## Recorded data
----
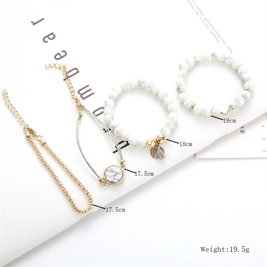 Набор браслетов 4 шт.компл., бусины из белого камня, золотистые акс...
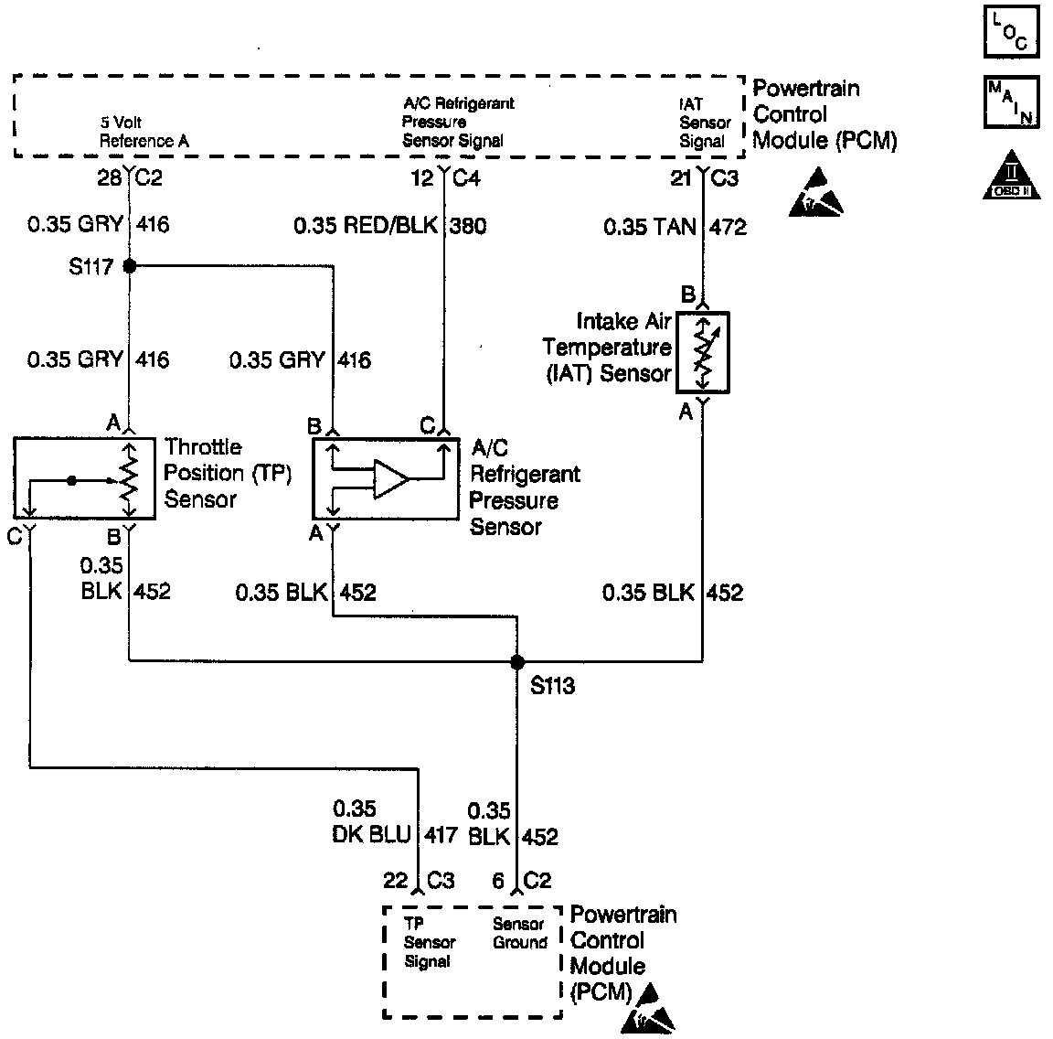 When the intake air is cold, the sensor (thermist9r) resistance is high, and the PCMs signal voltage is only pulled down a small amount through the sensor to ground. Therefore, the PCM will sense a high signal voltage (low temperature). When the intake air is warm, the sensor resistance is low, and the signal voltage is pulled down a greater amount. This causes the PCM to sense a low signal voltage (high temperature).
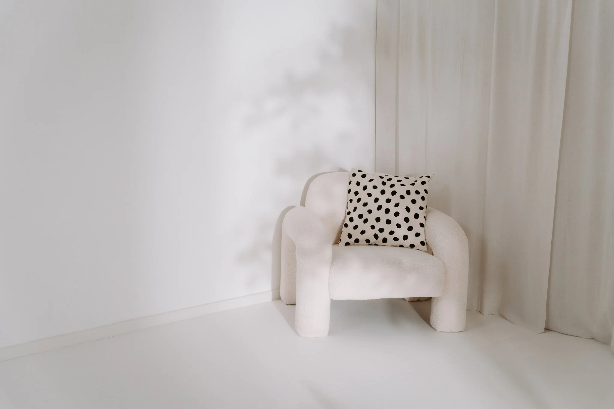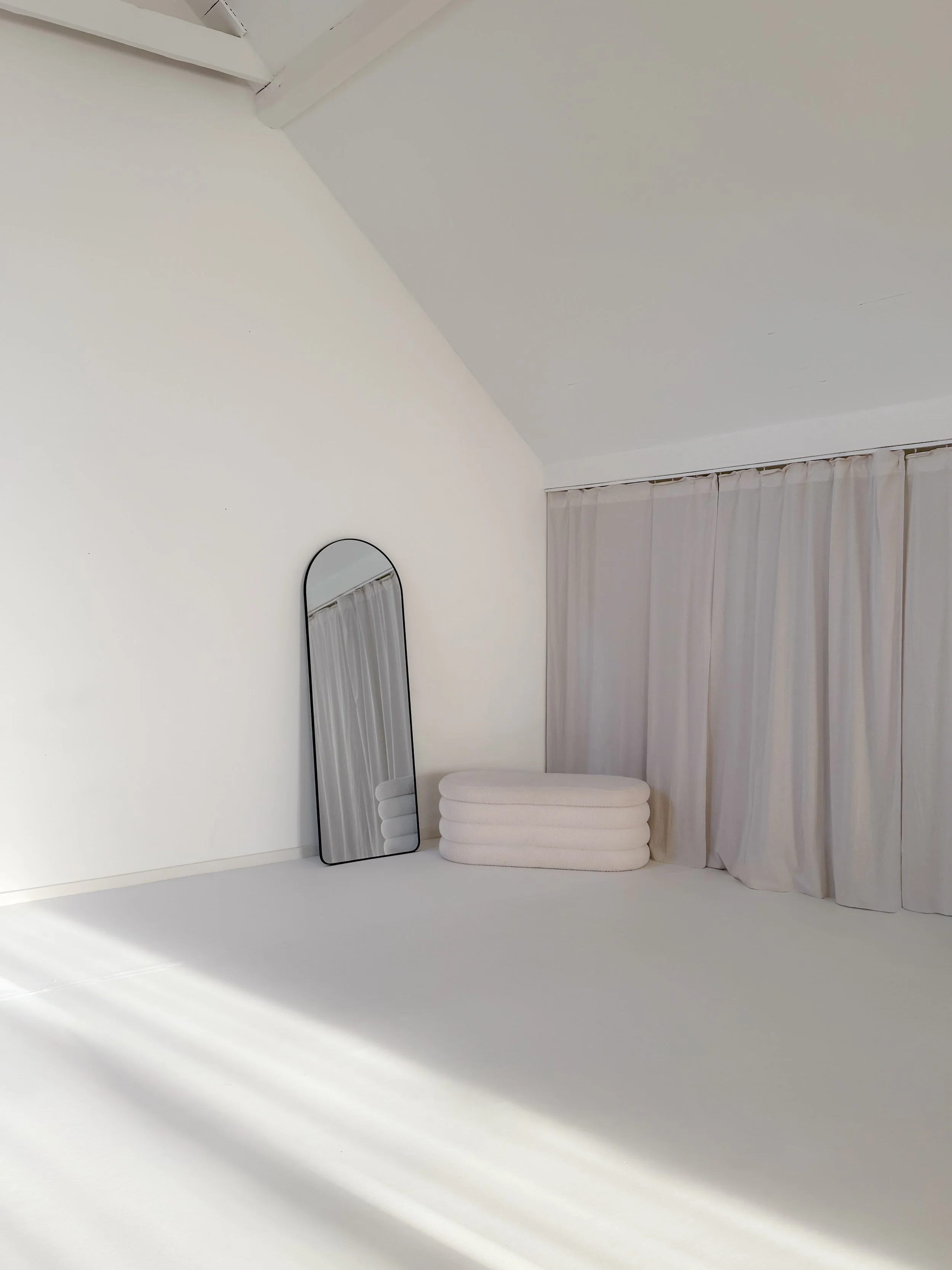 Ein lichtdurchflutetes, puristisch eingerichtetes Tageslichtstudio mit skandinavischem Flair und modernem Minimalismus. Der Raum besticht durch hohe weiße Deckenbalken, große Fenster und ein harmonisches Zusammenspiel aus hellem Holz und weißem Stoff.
----
## What you will do
All lines of the listing must be given again exactly, excluding the pictures.

## Your response
 Набор браслетов 4 шт.компл., бусины из белого камня, золотистые акс...
 When the intake air is cold, the sensor (thermist9r) resistance is high, and the PCMs signal voltage is only pulled down a small amount through the sensor to ground. Therefore, the PCM will sense a high signal voltage (low temperature). When the intake air is warm, the sensor resistance is low, and the signal voltage is pulled down a greater amount. This causes the PCM to sense a low signal voltage (high temperature).
 Ein lichtdurchflutetes, puristisch eingerichtetes Tageslichtstudio mit skandinavischem Flair und modernem Minimalismus. Der Raum besticht durch hohe weiße Deckenbalken, große Fenster und ein harmonisches Zusammenspiel aus hellem Holz und weißem Stoff.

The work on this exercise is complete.